**MATERIAL FOR THIS EXERCISE:**
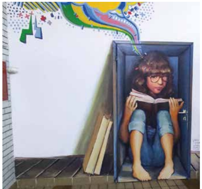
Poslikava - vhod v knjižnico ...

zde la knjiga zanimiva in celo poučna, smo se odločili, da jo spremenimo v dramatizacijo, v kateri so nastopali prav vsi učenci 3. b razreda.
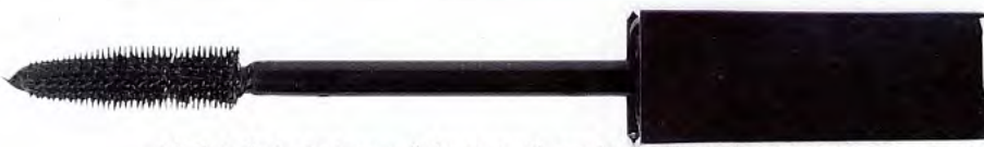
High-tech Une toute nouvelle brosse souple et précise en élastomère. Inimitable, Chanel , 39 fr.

* * *

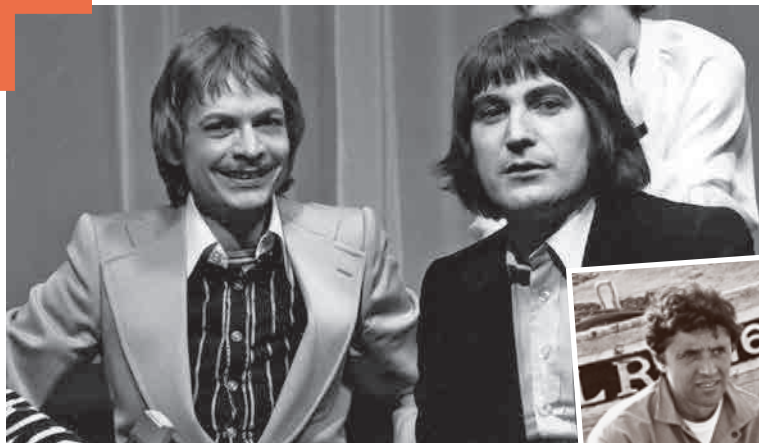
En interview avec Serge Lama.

* * *

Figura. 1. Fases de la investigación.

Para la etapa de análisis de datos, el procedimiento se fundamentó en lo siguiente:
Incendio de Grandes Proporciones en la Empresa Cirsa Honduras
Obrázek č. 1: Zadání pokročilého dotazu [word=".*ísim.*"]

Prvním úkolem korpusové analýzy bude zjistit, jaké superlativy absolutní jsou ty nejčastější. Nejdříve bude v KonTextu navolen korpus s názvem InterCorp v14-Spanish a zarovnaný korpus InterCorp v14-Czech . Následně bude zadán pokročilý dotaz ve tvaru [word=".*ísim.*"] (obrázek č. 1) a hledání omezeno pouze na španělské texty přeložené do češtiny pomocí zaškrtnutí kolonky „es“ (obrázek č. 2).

**WORK TO COMPLETE:**
Retype the entries above exactly, but only from the line containing "Para la etapa" through the line containing "Obrázek č. 1: Zadání", both included.

**EXPECTED OUTPUT:**
Para la etapa de análisis de datos, el procedimiento se fundamentó en lo siguiente:
Incendio de Grandes Proporciones en la Empresa Cirsa Honduras
Obrázek č. 1: Zadání pokročilého dotazu [word=".*ísim.*"]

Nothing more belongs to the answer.